Pakistan seeks ‘civilised’ and ‘even-handed’ relationship with US like the one that exists between America and India: Imran Khan – News Vibe24

    Pakistan seeks ‘civilised' and ‘even-handed' relationship with US like the one that exists between America and India: Imran Khan - Times of India
    Islamabad: Pakistan seeks a “civilized” and “uniform” relationship with Washington, such as the one between the United States and the United Kingdom or with India “at the moment,” said Prime Minister Imran Khan. The Pakistani prime minister has highlighted the role Islamabad could play in the region, including Afghanistan, following the US withdrawal from the war-torn country.
    Khan made the remarks in an interview with The New York Times, in which he also expressed frustration that his efforts to normalize ties with India had not progressed, although he approached Prime Minister Narendra Modi shortly after taking office in August 2018.
    In an interview when US President Joe Biden had his first face-to-face meeting with his Afghan counterpart Ashraf Ghan at the White House on Friday, Hahn recalled that Pakistan had closer ties with the United States than any other nation. in the region, such as India, and was a US partner in the war on terror, the Dawn newspaper reported.
    “Now that the United States has left Afghanistan, in essence, Pakistan would like a civilized relationship that you have between nations, and we would like to improve our trade relationship with the United States,” he said.
    Asked to elaborate on his perception of a civilized relationship, Khan said he was looking for a relationship like the one that existed “between the US and Britain, or between the US and India at the moment.” So, a relationship that is uniform. ”
    “Unfortunately, the relationship during the war on terror was somewhat twofold,” he said.
    “It was a one-sided relationship because the US felt it was helping Pakistan, they felt Pakistan had to make US bids then.
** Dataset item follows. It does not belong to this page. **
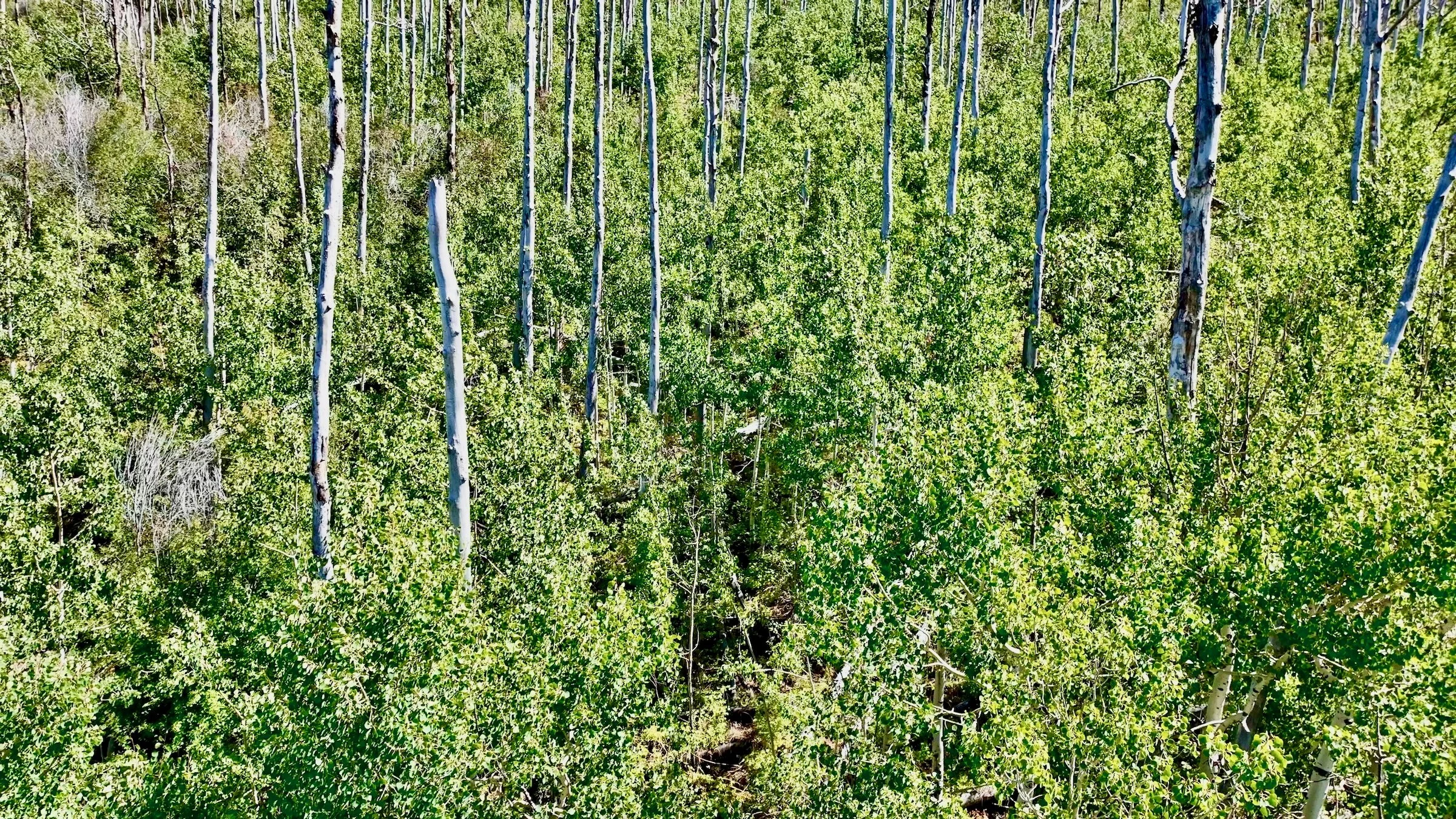 Mix of open meadows, wooded slopes, and old-growth aspen transitioning to new growth

And what Pakistan did to try to make US bids cost Pakistan a lot, 70,000 “Pakistanis have died and more than $ 150 billion has been lost because of suicide bombings and bombings across the country,” he said.
    The main problem with this one-sided relationship was that “Pakistani governments tried to do what they could not do,” and this led to “mistrust between the two countries,” Khan said.
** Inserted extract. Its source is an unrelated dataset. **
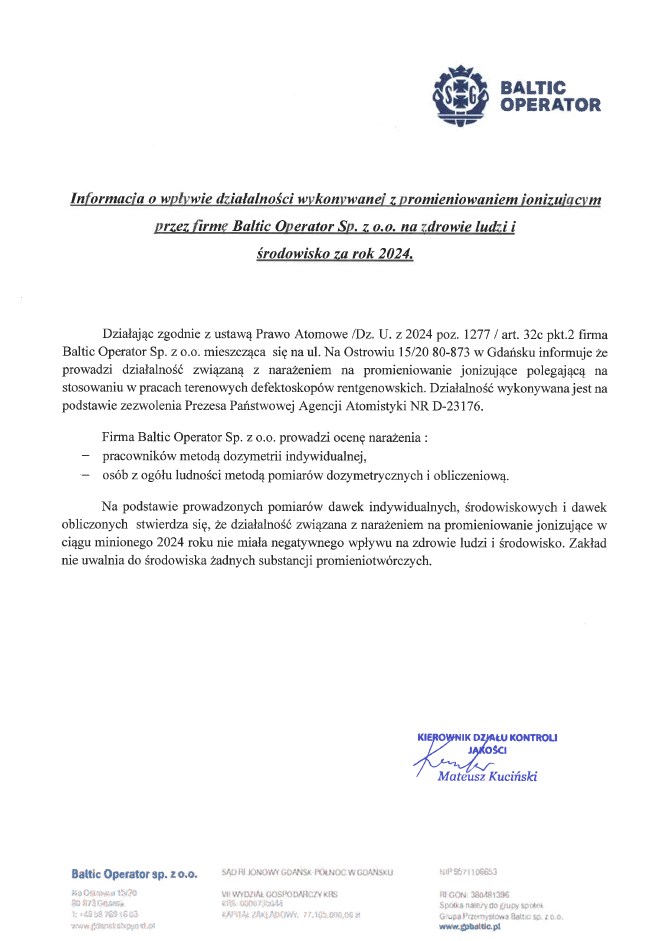 Baltic Operator jest spółką z ograniczoną odpowiedzialnością w Grupie Agencji Rozwoju Przemysłu S.A. Baltic Operator zajmuje się aktywnym zarządzaniem, optymalizacją i rozwojem firm w szeroko rozumianej międzynarodowej branży stoczniowej, energetyki wiatrowej, offshore (oil & gas) oraz infrastruktury przeładunkowej, ściśle współpracując i korzystając z doświadczenia Stoczni Gdańskiej S.A. i GSG Towers sp. z o.o.

    “People in Pakistan also felt that they had paid a heavy, heavy price for this relationship. “And the United States believed that Pakistan had not done enough.”
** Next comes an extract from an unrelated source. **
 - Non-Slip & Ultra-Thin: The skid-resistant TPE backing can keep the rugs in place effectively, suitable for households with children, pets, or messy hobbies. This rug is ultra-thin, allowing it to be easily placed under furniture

    The prime minister said his government wanted the future relationship to be based on trust and common goals, including a peaceful and stable Afghanistan.
    The United States and the Taliban signed a landmark agreement in Doha on February 29, 2020, after several rounds of negotiations to bring lasting peace to war-torn Afghanistan and allow US troops to return home, effectively pulling out a protracted war. Of America.
    Asked if Pakistan would continue to have a strategic relationship with the United States after the withdrawal, Khan said, “I do not really know. I did not think that Pakistan should be of any strategic importance to the United States. . ”
    Khan said he could not predict the future of the military relationship and security between Pakistan and the United States.
    “After the withdrawal of the United States, I do not know what kind of military relationship it will be. But now, the relationship should be based on the common goal that there is a political solution in Afghanistan before the United States leaves,” he said.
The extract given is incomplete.